→ **Input for this task**:
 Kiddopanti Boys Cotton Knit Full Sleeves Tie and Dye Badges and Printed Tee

==

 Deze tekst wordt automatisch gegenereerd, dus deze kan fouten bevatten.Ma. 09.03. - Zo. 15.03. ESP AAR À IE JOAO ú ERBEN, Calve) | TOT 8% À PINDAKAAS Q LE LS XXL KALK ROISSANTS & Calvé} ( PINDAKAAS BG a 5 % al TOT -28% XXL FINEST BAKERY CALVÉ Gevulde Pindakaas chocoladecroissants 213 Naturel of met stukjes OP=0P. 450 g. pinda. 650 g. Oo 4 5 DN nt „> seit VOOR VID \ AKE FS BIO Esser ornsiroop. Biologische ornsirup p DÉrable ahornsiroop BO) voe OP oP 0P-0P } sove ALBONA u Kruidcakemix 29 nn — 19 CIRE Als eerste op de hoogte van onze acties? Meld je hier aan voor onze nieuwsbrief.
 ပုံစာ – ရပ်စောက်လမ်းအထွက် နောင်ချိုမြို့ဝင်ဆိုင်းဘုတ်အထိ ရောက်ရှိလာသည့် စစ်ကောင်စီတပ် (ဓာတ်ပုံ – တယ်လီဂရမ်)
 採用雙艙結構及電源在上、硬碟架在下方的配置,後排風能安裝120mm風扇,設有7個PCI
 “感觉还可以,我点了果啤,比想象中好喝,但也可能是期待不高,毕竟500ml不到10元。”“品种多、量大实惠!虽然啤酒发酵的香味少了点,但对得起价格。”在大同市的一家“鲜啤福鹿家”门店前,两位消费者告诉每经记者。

--

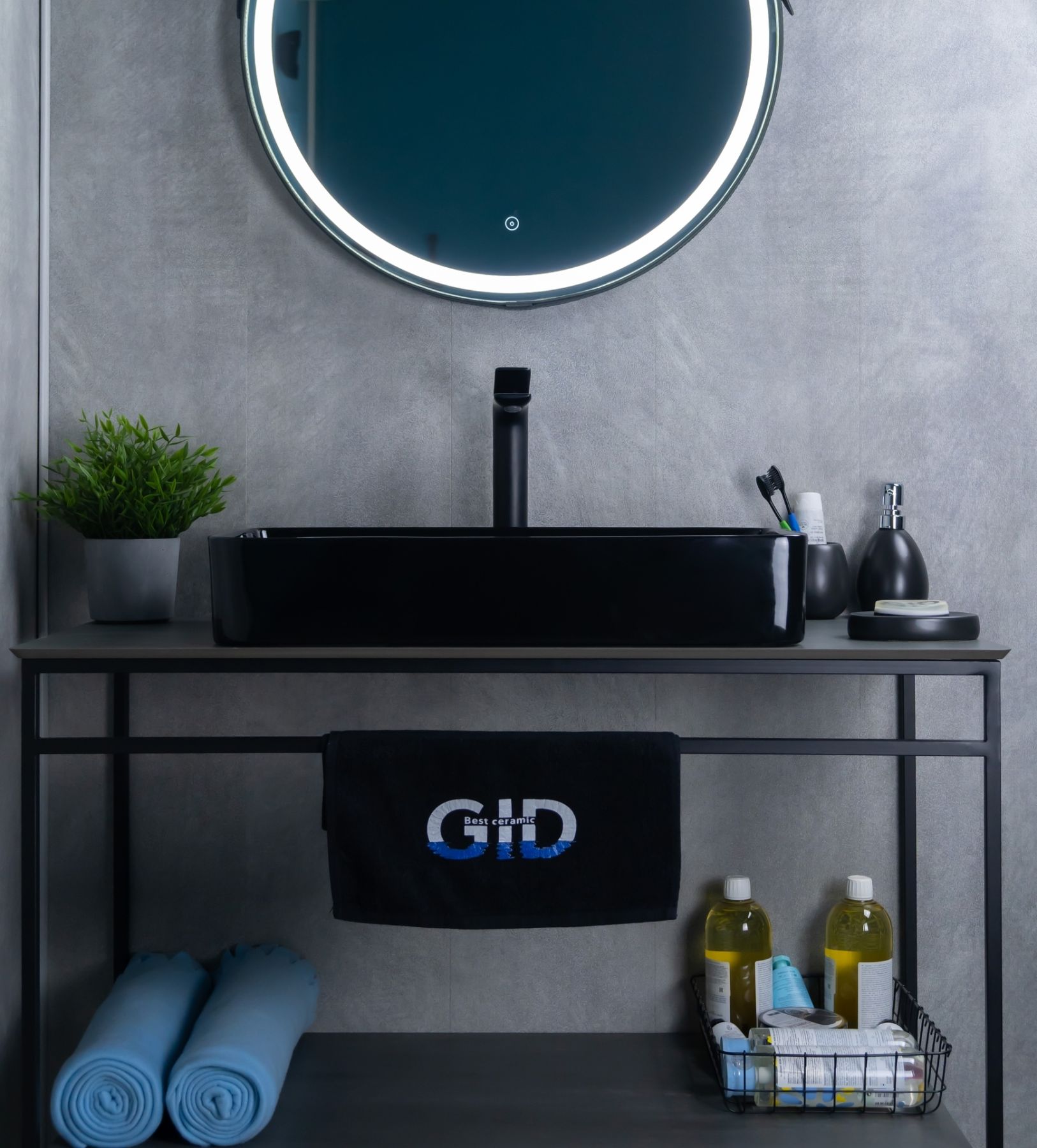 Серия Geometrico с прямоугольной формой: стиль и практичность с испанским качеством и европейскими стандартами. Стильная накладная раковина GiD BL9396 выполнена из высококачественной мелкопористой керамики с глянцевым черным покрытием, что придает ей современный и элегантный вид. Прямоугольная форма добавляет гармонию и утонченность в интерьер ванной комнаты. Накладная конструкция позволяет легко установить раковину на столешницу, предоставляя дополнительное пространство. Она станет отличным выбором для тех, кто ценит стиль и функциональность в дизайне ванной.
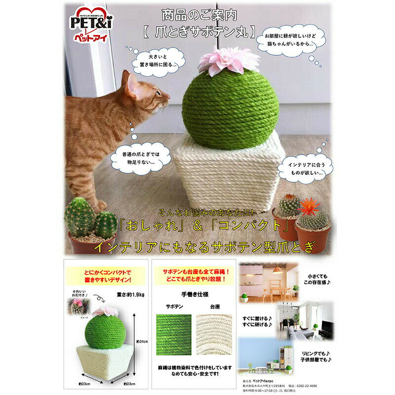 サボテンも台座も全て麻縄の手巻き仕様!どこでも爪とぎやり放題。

→ **Instructions to follow**: Using the entries above, transcribe every line from the line containing "Серия Geometrico с" through the line containing "サボテンも台座も全て麻縄の手巻き仕様!どこでも爪とぎやり放題。". Do not copy pictures.

→ **Output of the task**:
 Серия Geometrico с прямоугольной формой: стиль и практичность с испанским качеством и европейскими стандартами. Стильная накладная раковина GiD BL9396 выполнена из высококачественной мелкопористой керамики с глянцевым черным покрытием, что придает ей современный и элегантный вид. Прямоугольная форма добавляет гармонию и утонченность в интерьер ванной комнаты. Накладная конструкция позволяет легко установить раковину на столешницу, предоставляя дополнительное пространство. Она станет отличным выбором для тех, кто ценит стиль и функциональность в дизайне ванной.
 サボテンも台座も全て麻縄の手巻き仕様!どこでも爪とぎやり放題。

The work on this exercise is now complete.